What portfolio moves should I make during this coronavirus crisis?

one virus molecule in front of a stock chart

A pandemic with unprecedented social-economic impact

The Covid-19 pandemic has become the one of most devastating global social-economic events in many decades. As of early April, the global death toll has reached almost 90000. The crisis has led to an almost complete shutdown of major global economies and an accelerated shift of most daily activities towards the internet. As our lives, our businesses, and the world we live in change day by day, there are a lot of questions on everyone’s minds.

• How long will we feel the effects of the coronavirus?

• How deep will it impact our life, our job and our economy?

• Is a major economic depression on the horizon?

It is well known that the stock market hates uncertainty. Over the past few weeks, the pandemic has caused widespread anxiety and panic selling of liquid investments. Currently, we believe that the stock market has priced roughly in 2-3 quarters of negative economic impact by the coronavirus. While we do not know how the course of the pandemic will play out, we believe that the crisis will ultimately end with 99% of us still alive.
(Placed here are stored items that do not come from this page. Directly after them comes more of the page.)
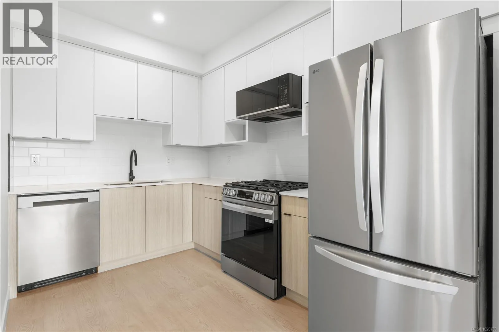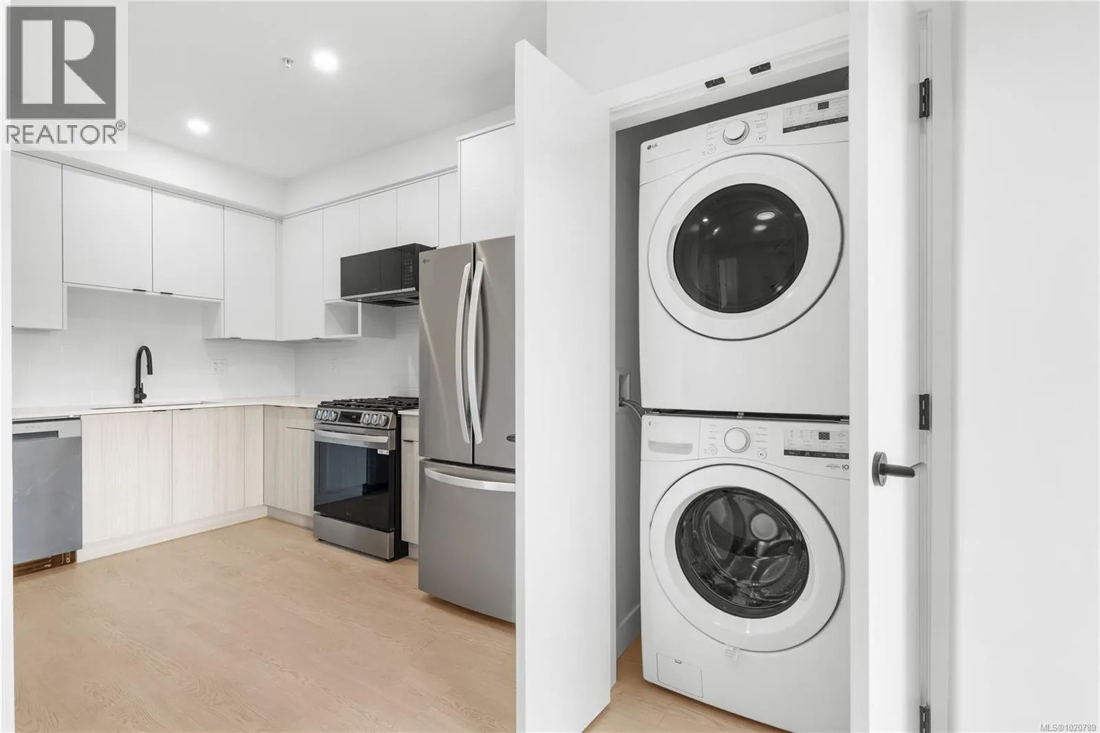 Welcome to Millstream Residences, built by renowned developer Landvision. This functional and thoughtfully designed 1 bedroom home offers 449 sqft of living space as well as a 56 sqft patio, perfect to enjoy during the warm summer months. The open living space features oversized windows that flood the space with tons of natural light, durable neutral flooring and matte black hardware and details throughout that anchor the home. The kitchen features SS LG appliances, quartz countertops and island and two-tone cabinetry with ample room for storage. The building features a large outdoor space where you can connect with your neighbours and enjoy the green spaces, seating, BBQâs and playground. Centrally located in the heart of Langford, you are just minutes from amazing amenities and recreation, schools, hiking trails, parks and lakes. (id:27476)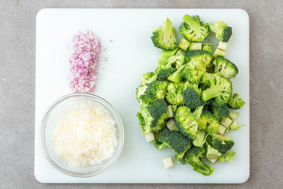 Den Backofen auf 220°C (200°C Umluft) vorheizen. In einem großen Topf ausreichend gesalzenes Wasser für die Pasta und das Gemüse zum Kochen bringen. Den Brokkoli in mundgerechte Röschen schneiden, den Strunk ggf. schälen und grob würfeln. Die Schalotten schälen und fein würfeln. Den Hartkäse fein reiben.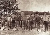 Bilder visar hur vägen på västra sidan av Öresjö byggdes (ibland kallad Fjällvägen) - innan denna vägen byggdes så var här väglöst land. Vägen byggdes under åren 1921-1923. Löjtnant Holmqvist från Hasteröd stod för hela sträckan som entreprenör och lejde ut kilometer till olika arbetslag. Bilden är tagen vid Norra Hagen i bakgrunden kan man skymta Örsbos soldattorp, Arbetslaget på bilden består av Johan Augustsson från Hagarna Djurhult, okänd, Ernst Johansson från Läresbo (Lunnebergsmaden), okänd, Erik Johansson Svenningsdalen Djurhult, mannen i bakgrunden är okänd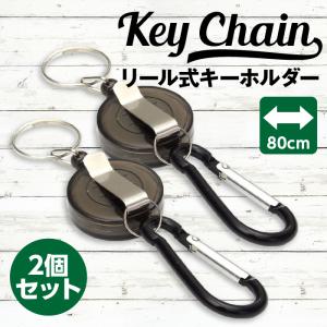 キーホルダー リール付き 2個 カラビナ 自動巻取り クリップ付き フック付き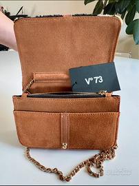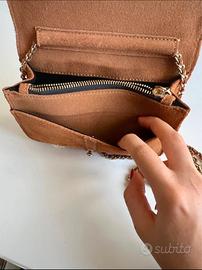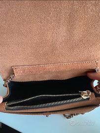 Base e patta in pelle scamosciata color cammello, catena dorata intrecciata con pelle per portarla a spalla o a tracolla.

The human toll of the coronavirus may forever change families, but the economic impact will likely result in a cycle of downturn followed by economic expansion like we’ve seen play out in the U.S. economy many times over. Historical US market data since 1926 shows that US equity returns following sharp downturn have always been positive over one-year, three-year and five-year periods. We believe the key to wealth creation is staying in the market even during these unsettling times.

a group of smiling adults in a swimming pool

This is the “Swimming Naked” moment

Warren Buffett once gave a famous warning: “It’s only when the tide goes out that you learn who’s been swimming naked.” With this coronavirus outbreak the tide has just gone out again, and clues to who’s been swimming naked have begun to emerge.
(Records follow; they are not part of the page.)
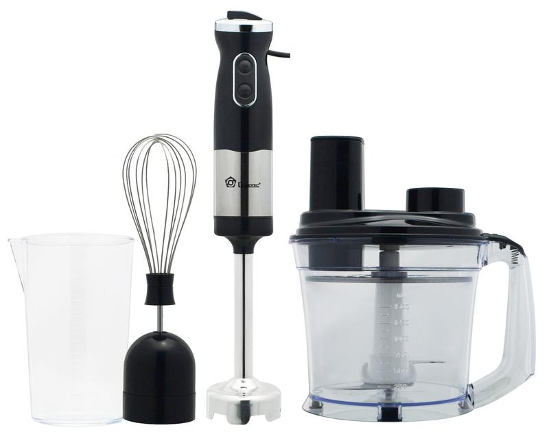 Погружающий блендер Domotec MS-5106 – это компактный бытовой прибор мощностью 800 Вт, который будет прост в использовании, надежен и безопасен. Модель можно использовать для измельчения, смешивания и взбивания продуктов. Благодаря мощности 800 Вт и острому ножу из нержавеющей стали он быстро перемалывает фрукты, ягоды, овощи, орехи, делает фарш. Скорость работы блендера можно плавно регулировать. Также есть турбо режим. В большой чаше измельчителя на 1.7 литра с диском для терки и шинковки отлично получится фарш, паштет, тесто для блинов и многое другое. Для приготовления смузи и коктейлей подойдет стакан емкостью 600 мл. Характеристики: Эргономичный дизайн; Мощность: 800 Вт; Материал: пластик; Материал ножей: сталь; Количество насадок для нарезки и шинковки: 2; Количество скоростей: 2; Объем кувшина: 1.7 л; Размер мерной чаши: 0,6 л; Цвет: черный. Комплектация: Блендер Чаша измельчитель Диск для терки и шинковки Мерный стакан Венчик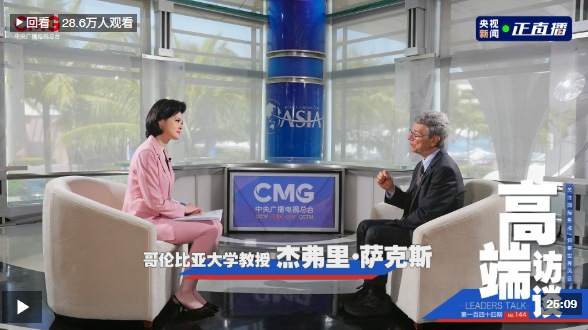 哥倫比亞大學(xué)教授杰弗里·薩克斯接受總臺《高端訪談》獨家專訪。四十多年間定期來華,深入研究中國經(jīng)濟,積極評價中國改革開放,他對中國社會、經(jīng)濟發(fā)展的充分信心源自哪里?一些國家試圖遏制中國發(fā)展,他為何評價“這個想法太荒謬了”?指出所謂“中國威脅論”背后的錯誤邏輯,展望中美關(guān)系未來發(fā)展,薩克斯如何解讀其中的關(guān)鍵所在?今天(10月10日)21:30,總臺《高端訪談》專訪哥倫比亞大學(xué)教授杰弗里·薩克斯,敬請收看!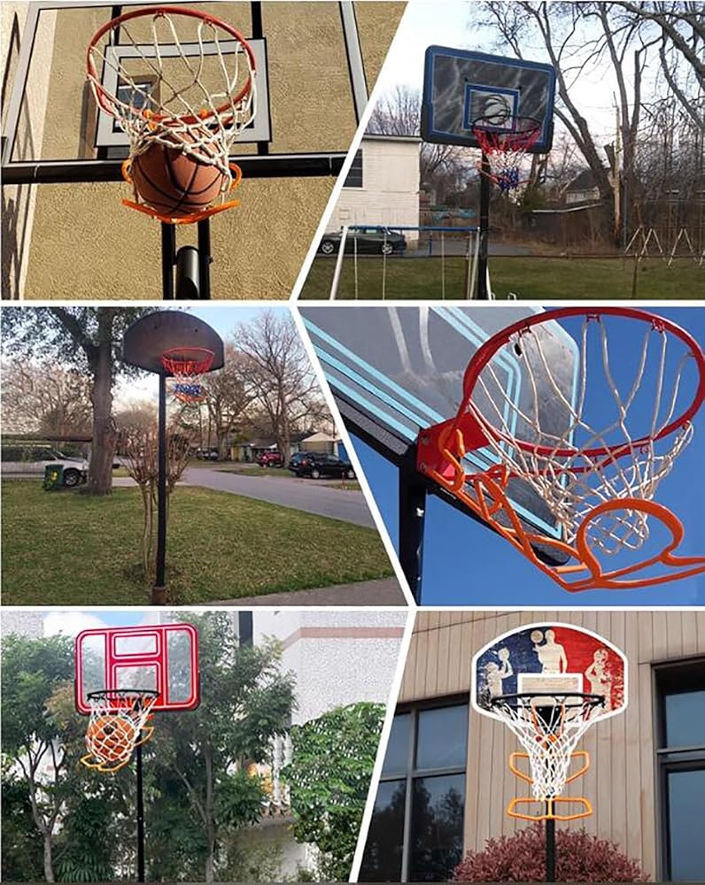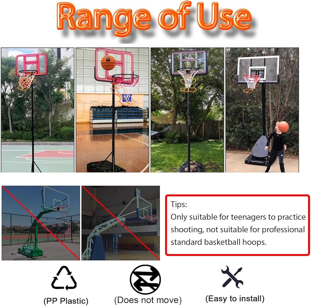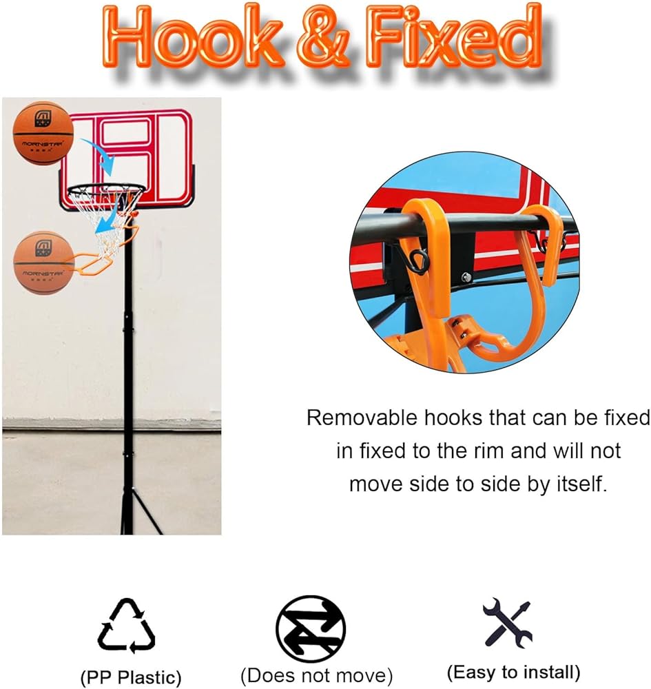Hooks & Fixed -- Basketball rebounder is designed for easy and convenient hanging mounting the hooks are fixed on both sides of the rim won't move easily so you can hit twice as many balls in one practice.

Office space sharing pioneer WeWork, once the poster child of the growth-at-all-cost startup mentality, is now facing an existential threat as gig workers canceled their monthly contract to work from home. Wework is now suing its biggest investor Softbank for breach of contract. In China, Luckin Coffee, a competitor of Starbucks, last week disclosed that its COO and several of his reports have been fabricating sales and expense transactions over several quarters in 2019. Their US-listed stock collapsed 76% in a single day last week, driven by both margin call and panic selling.
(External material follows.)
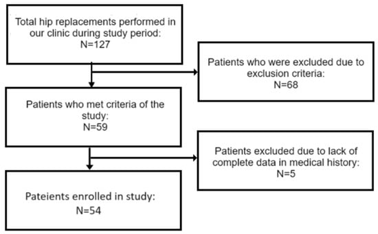 The initial sample size for the study was estimated according to method described by Sim and Lewis [20] and established by general principle to be equal to around 55 patients. Unfortunately, due to differences in regard to the positioning of the implant, being one of the radiological outcome measures for the evaluation of a surgical treatment’s technical effectiveness, it was only possible to gather 10 patients with implants positioned outside Lewinnek’s safe zone within the set period of inquiry. Thus, it was decided to include a sufficient number of patients with implants positioned within Lewinnek’s safe zone and operated on within the same time period as the aforementioned group, to achieve the established sample size and, in this way, to evaluate the possible ratio of patients with implants outside and within the safe zone for future studies. Unfortunately, due to the number of patients excluded from the study in line with the exclusion criteria, N = 54 was the final number of patients included. Hedge’s g was used to estimate the effect size and achieve the power of the tests. The flowchart of the population is in Figure 2.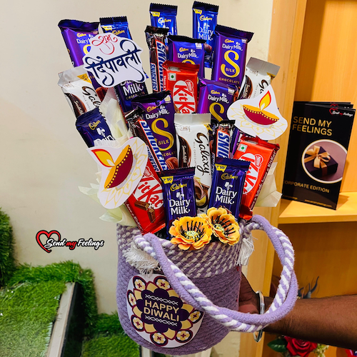 Jute basket includes 4 Dairy Milk Silk (60 g), 3 KitKat (25 g), 2 Snickers (20 g), 3 Galaxy (45 g), and 8 Dairy Milk (13 g), beautifully decorated with Diwali tags, cutouts, and artificial flowers.

During the boom times, many companies and their financial backers were solely focused on growth and have never prepared financially or operationally for a potential market downturn scenario. Management often use their stock holding as collateral for margin loans to purchase real estate and other risky investments. When a sudden crisis comes, many of these risky behavior and their bad actors will get exposed. While everyone suffers during an economic downturn, the weaker companies and the unprepared will get completely wiped out and will never recover afterwards. We have been paying particular attention to avoid these high growth companies with weak fundamentals and unproven risk discipline.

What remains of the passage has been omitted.